• _Data segment_
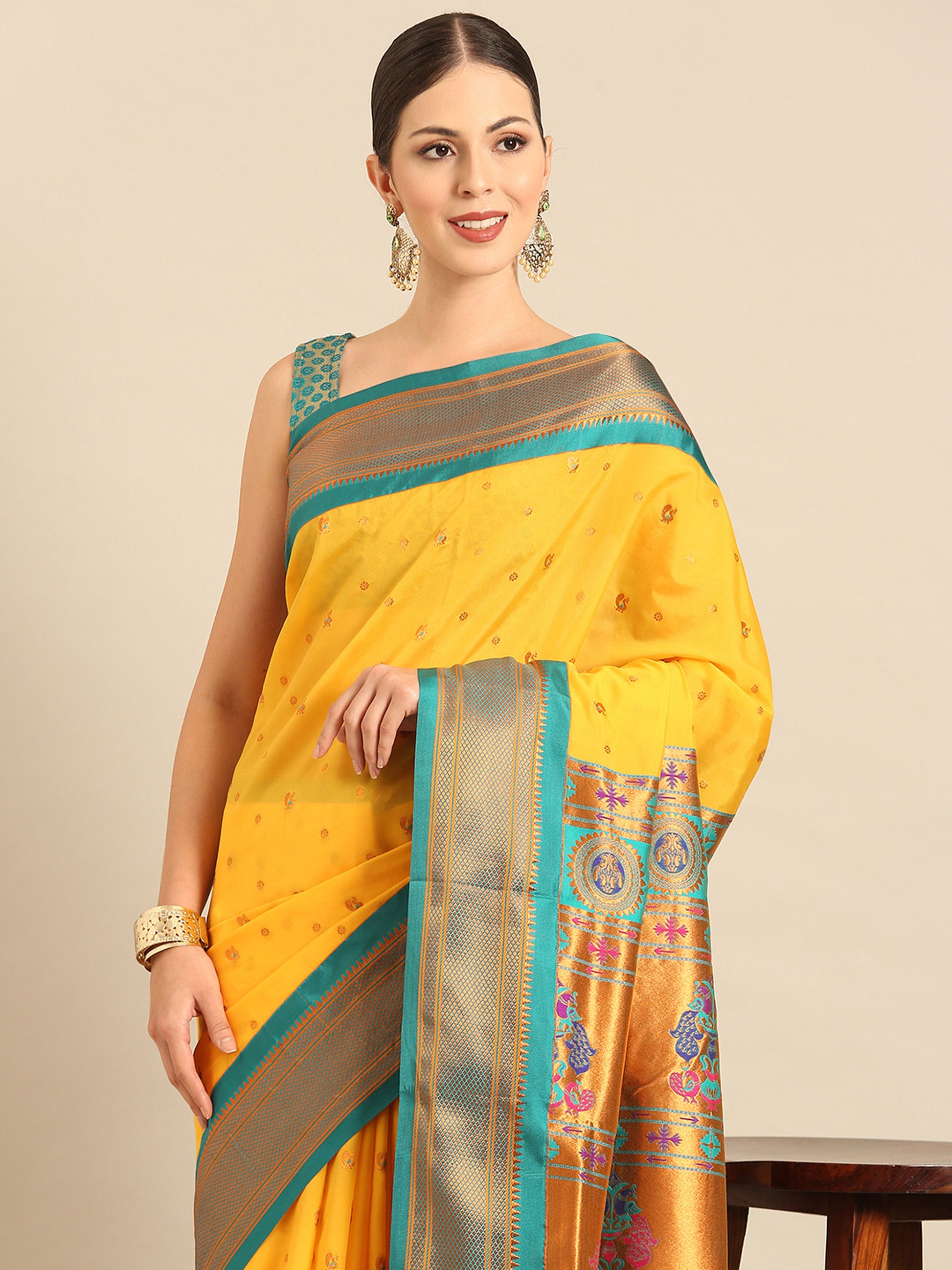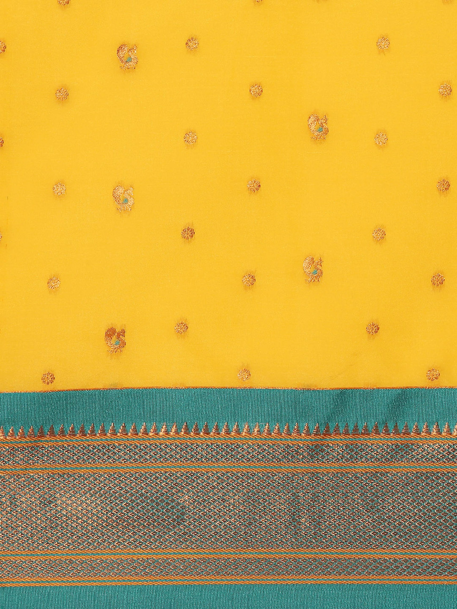 Mukta Haldi & Rama Soft Silk Kadiyal Maharani Paithani Saree
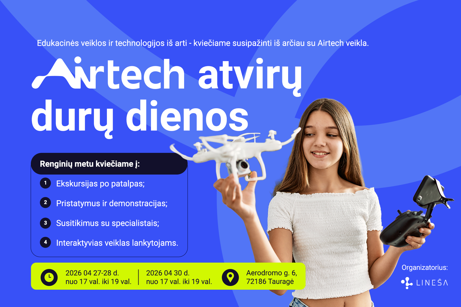 „Džiaugiamės galėdami atverti duris visuomenei ir pasidalinti tuo, ką darome kasdien ir kokia veikla užsiima mūsų dronų pamokas lankantys vaikai“, – sako Kristina Virgayle, Lietuvos neformaliojo švietimo agentūros (LINEŠA) „Airtech“ skyriaus vadovė.
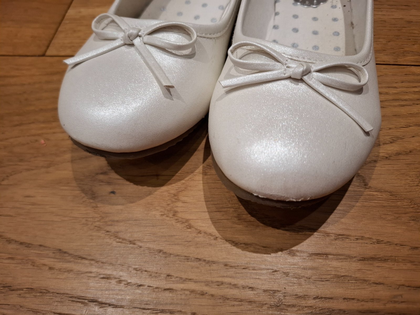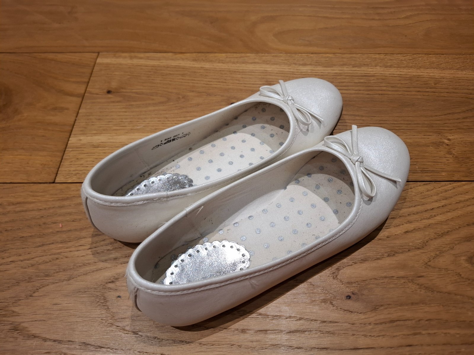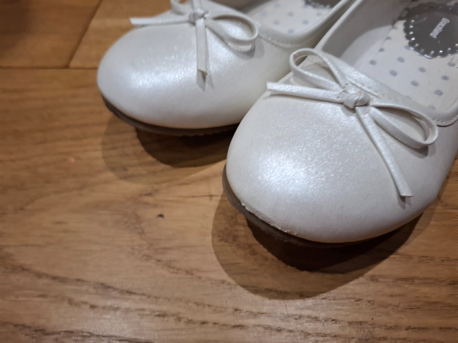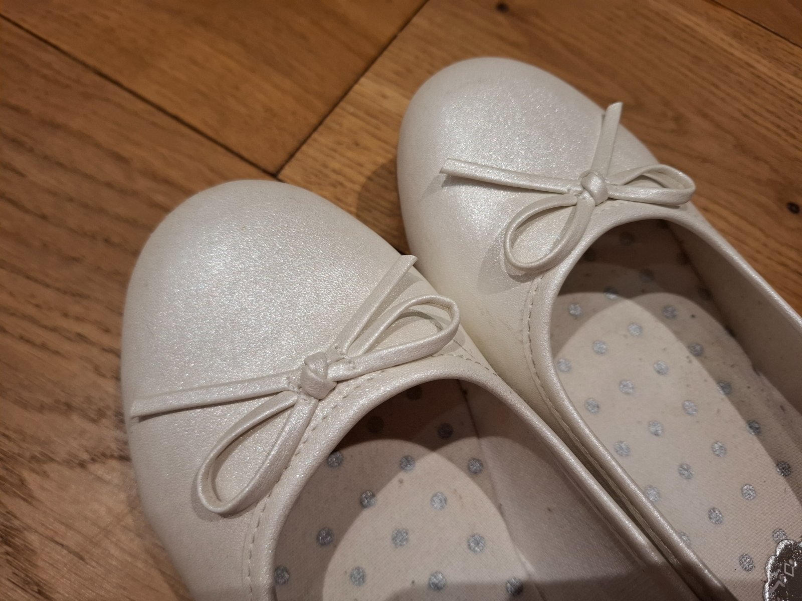 Biele perleťové balerínky použité na 1. svätom prijímanií a jednej oslave. Na jednej je jemne odretá špička, no ani to nevidno - viď foto.

• _Work item_
Would you copy all the material exactly, dropping the pictures?

• _Solution to the exercise_
 Mukta Haldi & Rama Soft Silk Kadiyal Maharani Paithani Saree
 „Džiaugiamės galėdami atverti duris visuomenei ir pasidalinti tuo, ką darome kasdien ir kokia veikla užsiima mūsų dronų pamokas lankantys vaikai“, – sako Kristina Virgayle, Lietuvos neformaliojo švietimo agentūros (LINEŠA) „Airtech“ skyriaus vadovė.
 Biele perleťové balerínky použité na 1. svätom prijímanií a jednej oslave. Na jednej je jemne odretá špička, no ani to nevidno - viď foto.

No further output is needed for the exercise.